In your answer, set down the records below exactly as they stand, omitting pictures.

☆ ☆ ☆ ☆

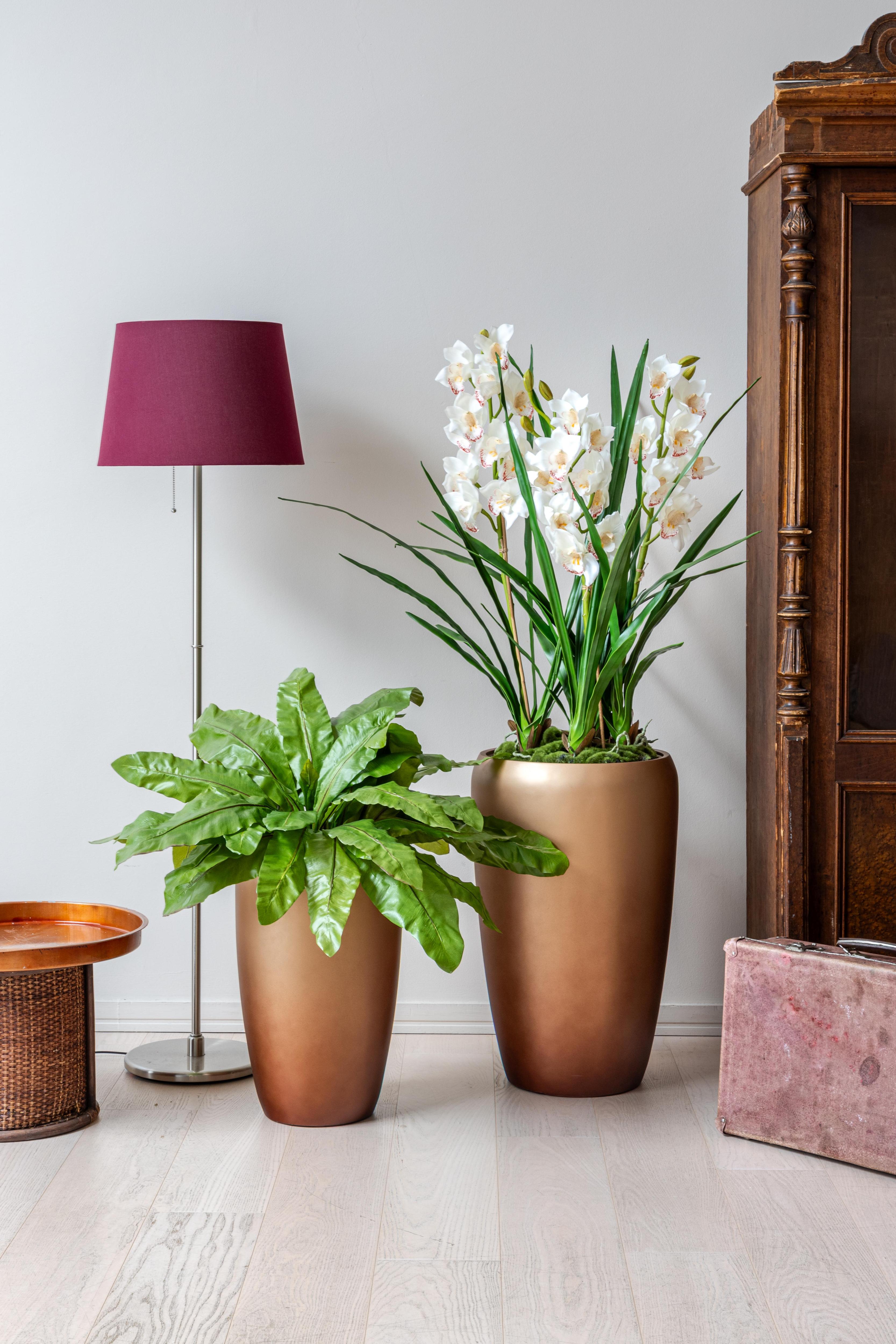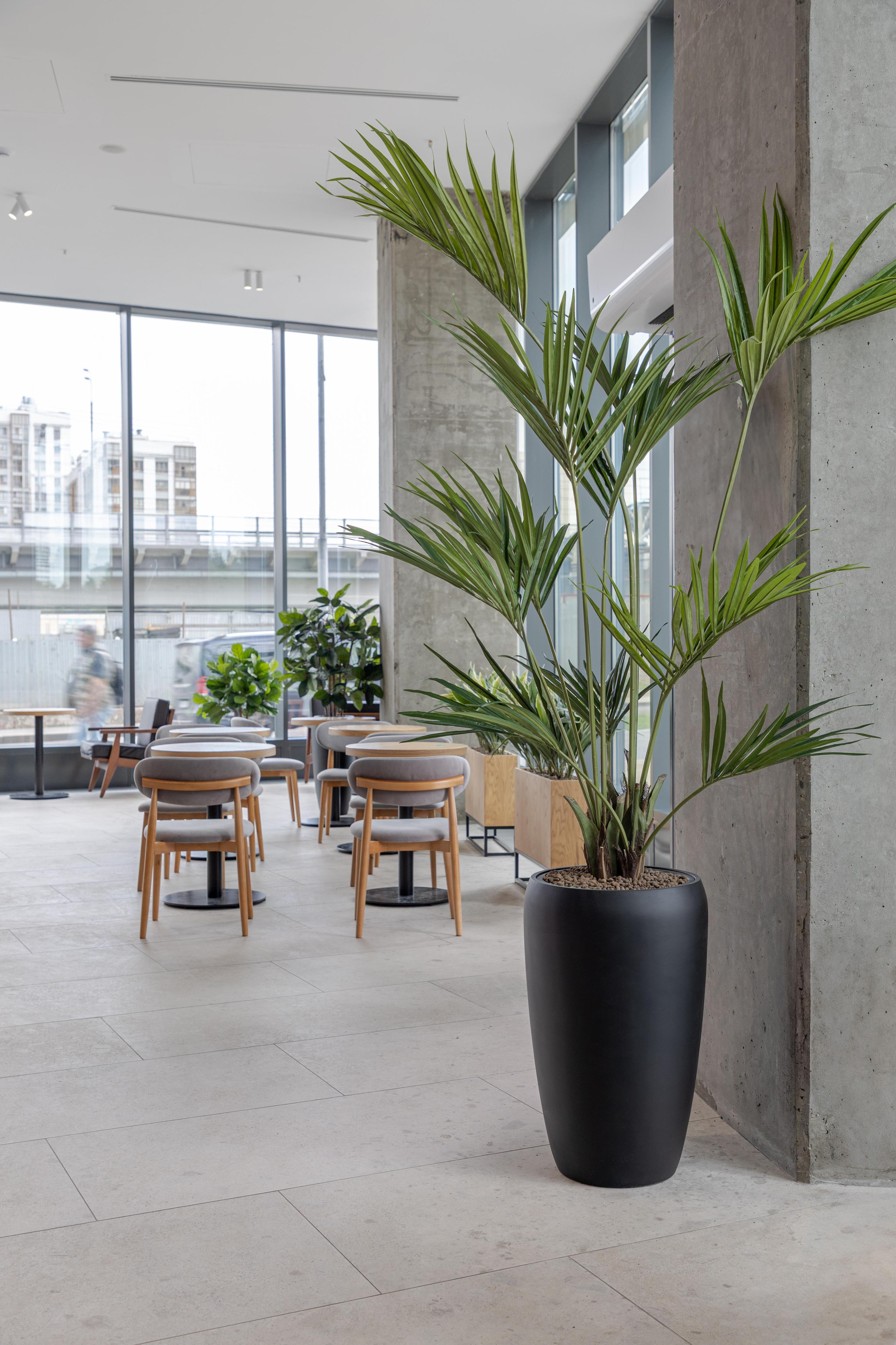 В современных проектах озеленения дизайнер может легко подобрать сочетание растения и кашпо: крупное растение чаще визуально превышает размер сосуда, но высокое эффектное кашпо может стать главным элементом, дополненное не слишком крупными растениями. Так создается гармония, соответствующая стилю интерьера, а каждая композиция становится полноценным декоративным объектом.
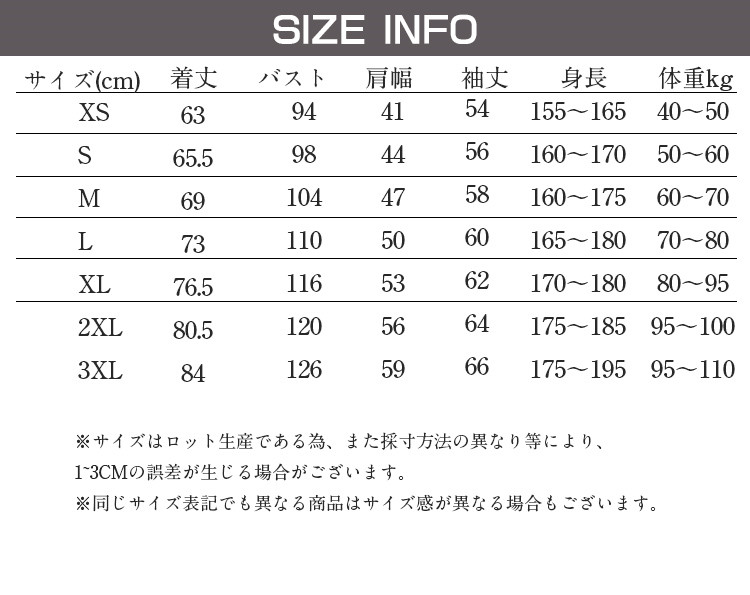 サイズ: XS S M L XL 2XL 3XL
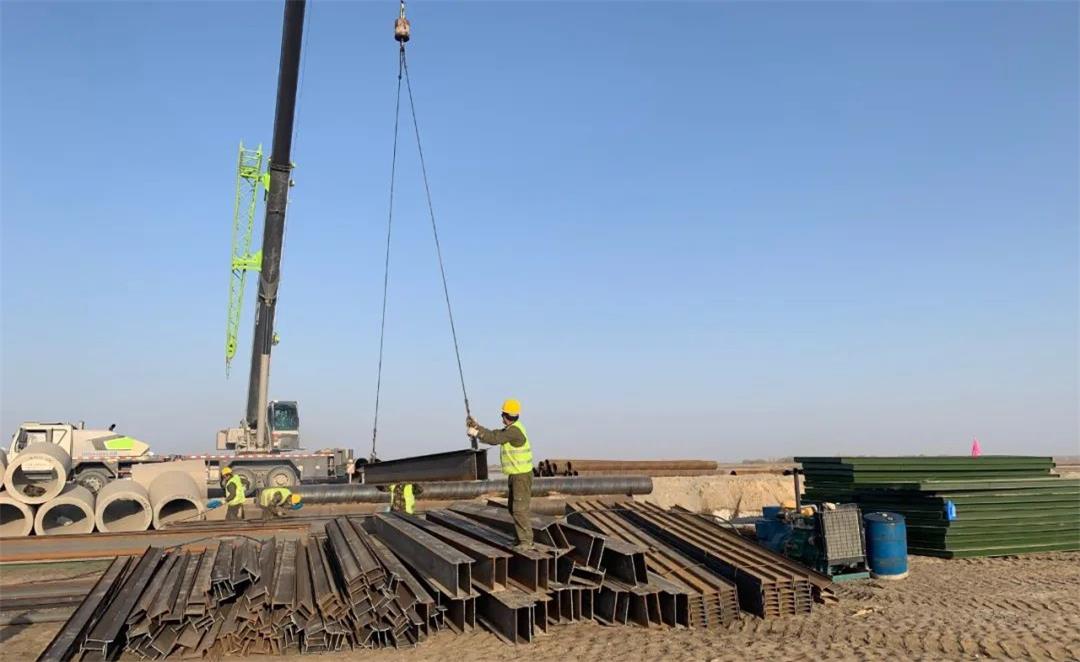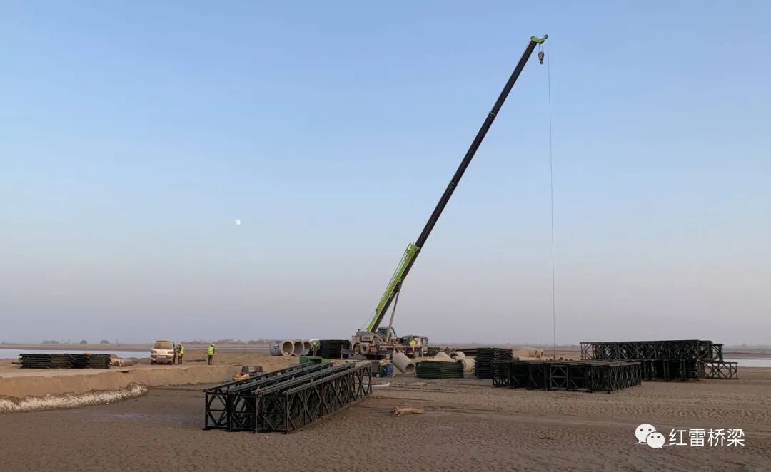 紅雷橋梁承接艾力西湖鎮(zhèn)公路EPC項目的鋼便橋建設工程。該工程鋼便橋橋面全長約500米,寬度為5米。施工準備前期根據(jù)總體施工進度計劃以及樁基階段性工期目標,我司項目部對主要材料進場進行了合理安排,以滿足施工需要。鋼管樁、貝雷梁、型鋼等主要材料均提前運輸至施工區(qū)域,以便貝雷鋼橋施工的及時展開。
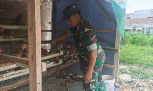 Ungkap Babinsa Serka Rusnanto, kegiatan dalam memonitoring budidaya ayam petelur dengan mengadakan pengecekan kondisi ayam, memberi makan dan minum, mengambil telur dan membersihkan kandang.
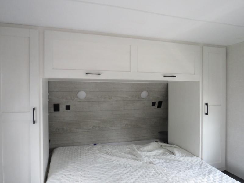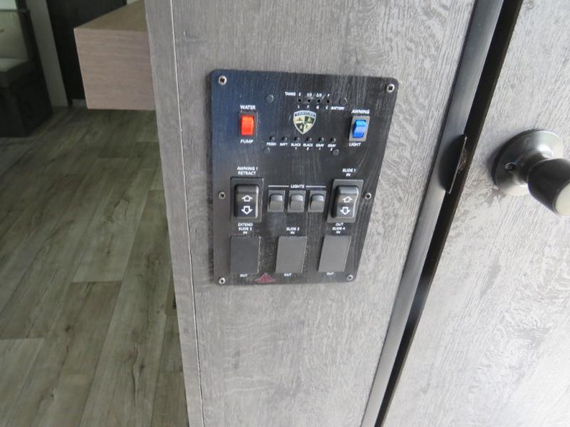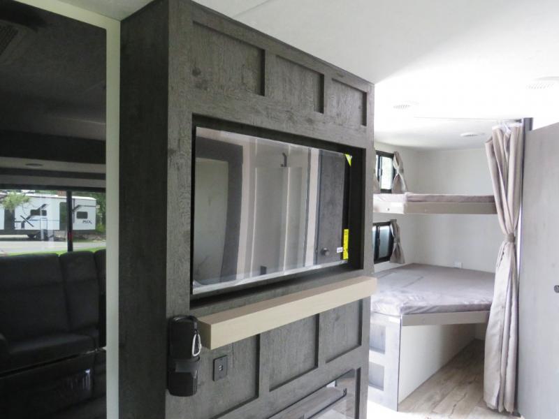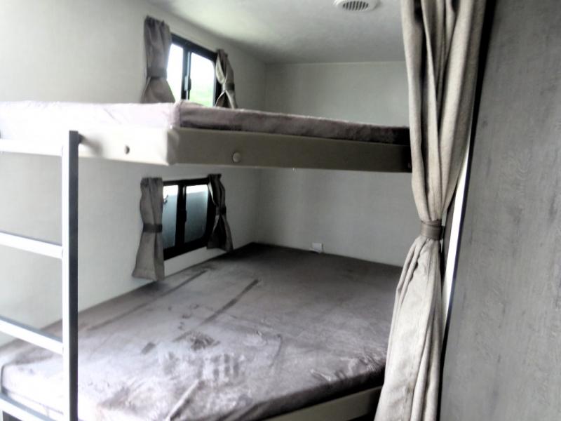 You'll love every minute spent in this bunkhouse travel trailer. The front private bedroom includes a Sleep Tight queen bed, dual wardrobes, and TV prep if you want the option to watch movies in bed. Your crew can relax on the sofa or Sit N' Slide table within the large slide out and watch a movie with the Smart TV. Since there is an outdoor griddle and refrigerator plus a 20' power awning, you may just find yourselves outside most days! When it's time to call it a night, there are double-size bunks in the rear corner for your guests, and the full bath is right next to the bunks for easy nighttime use. This unit also includes an entryway pantry with washer and dryer prep, making it easier to go full-time if you choose!
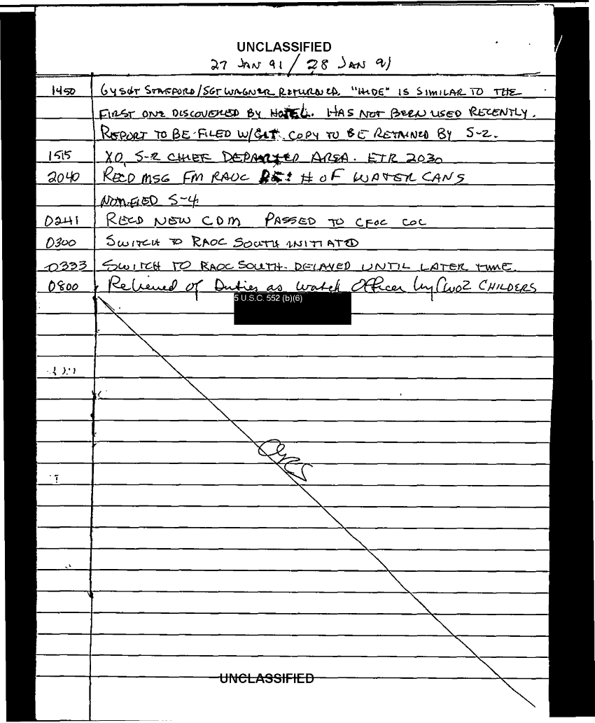 Document 103 f:/Week-35/BX600013/COMMAND CHRONOLOGY 3RD BATTALION 24TH MARINES JAN - MAR 1991 4 OF 4/handwritten log:0102970950272
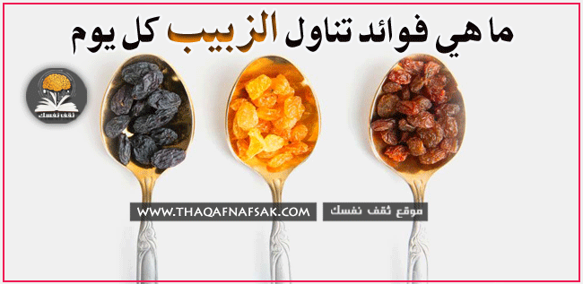 تناول الزبيب يعتبر بديل صحي للوجبات الخفيفة غير الصحية. فهي لا تمنحك فقط العناصر الغذائية المطلوبة ، بل يمكن استخدامها كوجبات في المواد الغذائية ، لتعزيز نكهة الوصفة ومنحك المكافأة الغذائية، وقد يكون من الصعب تخيل أن الزبيب الصغير يوفر الراحة من مجموعة من المشاكل الصحية ، وفي الوقت نفسه يوفر لك مصدرًا جيدًا للكربوهيدرات ، مما يضخ الجسم بالطاقة ،الزبيب غني بفيتامين ب ، وفيتامين ج ، وحمض الفوليك ، والحديد ، والكاروتين، واللوتين ، والبوتاسيوم ، والكالسيوم والمغنيسيوم .
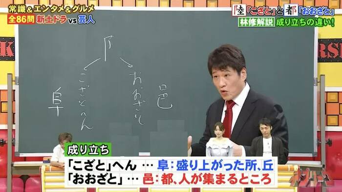 漢字の部首の名前を答える問題では、林先生が「おおざと」と「こざとへん」の成り立ちの違いも教えてくれました。
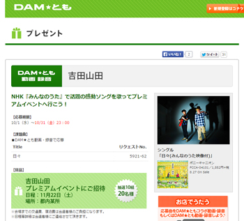 吉田山田の大ヒット曲「日々」を歌って応募するとプレミアムイベントに参加できる企画がDAM★ともで実施されている。

☆ ☆ ☆ ☆

• EXPECTED ANSWER:
 В современных проектах озеленения дизайнер может легко подобрать сочетание растения и кашпо: крупное растение чаще визуально превышает размер сосуда, но высокое эффектное кашпо может стать главным элементом, дополненное не слишком крупными растениями. Так создается гармония, соответствующая стилю интерьера, а каждая композиция становится полноценным декоративным объектом.
 サイズ: XS S M L XL 2XL 3XL
 紅雷橋梁承接艾力西湖鎮(zhèn)公路EPC項目的鋼便橋建設工程。該工程鋼便橋橋面全長約500米,寬度為5米。施工準備前期根據(jù)總體施工進度計劃以及樁基階段性工期目標,我司項目部對主要材料進場進行了合理安排,以滿足施工需要。鋼管樁、貝雷梁、型鋼等主要材料均提前運輸至施工區(qū)域,以便貝雷鋼橋施工的及時展開。
 Ungkap Babinsa Serka Rusnanto, kegiatan dalam memonitoring budidaya ayam petelur dengan mengadakan pengecekan kondisi ayam, memberi makan dan minum, mengambil telur dan membersihkan kandang.
 You'll love every minute spent in this bunkhouse travel trailer. The front private bedroom includes a Sleep Tight queen bed, dual wardrobes, and TV prep if you want the option to watch movies in bed. Your crew can relax on the sofa or Sit N' Slide table within the large slide out and watch a movie with the Smart TV. Since there is an outdoor griddle and refrigerator plus a 20' power awning, you may just find yourselves outside most days! When it's time to call it a night, there are double-size bunks in the rear corner for your guests, and the full bath is right next to the bunks for easy nighttime use. This unit also includes an entryway pantry with washer and dryer prep, making it easier to go full-time if you choose!
 Document 103 f:/Week-35/BX600013/COMMAND CHRONOLOGY 3RD BATTALION 24TH MARINES JAN - MAR 1991 4 OF 4/handwritten log:0102970950272
 تناول الزبيب يعتبر بديل صحي للوجبات الخفيفة غير الصحية. فهي لا تمنحك فقط العناصر الغذائية المطلوبة ، بل يمكن استخدامها كوجبات في المواد الغذائية ، لتعزيز نكهة الوصفة ومنحك المكافأة الغذائية، وقد يكون من الصعب تخيل أن الزبيب الصغير يوفر الراحة من مجموعة من المشاكل الصحية ، وفي الوقت نفسه يوفر لك مصدرًا جيدًا للكربوهيدرات ، مما يضخ الجسم بالطاقة ،الزبيب غني بفيتامين ب ، وفيتامين ج ، وحمض الفوليك ، والحديد ، والكاروتين، واللوتين ، والبوتاسيوم ، والكالسيوم والمغنيسيوم .
 漢字の部首の名前を答える問題では、林先生が「おおざと」と「こざとへん」の成り立ちの違いも教えてくれました。
 吉田山田の大ヒット曲「日々」を歌って応募するとプレミアムイベントに参加できる企画がDAM★ともで実施されている。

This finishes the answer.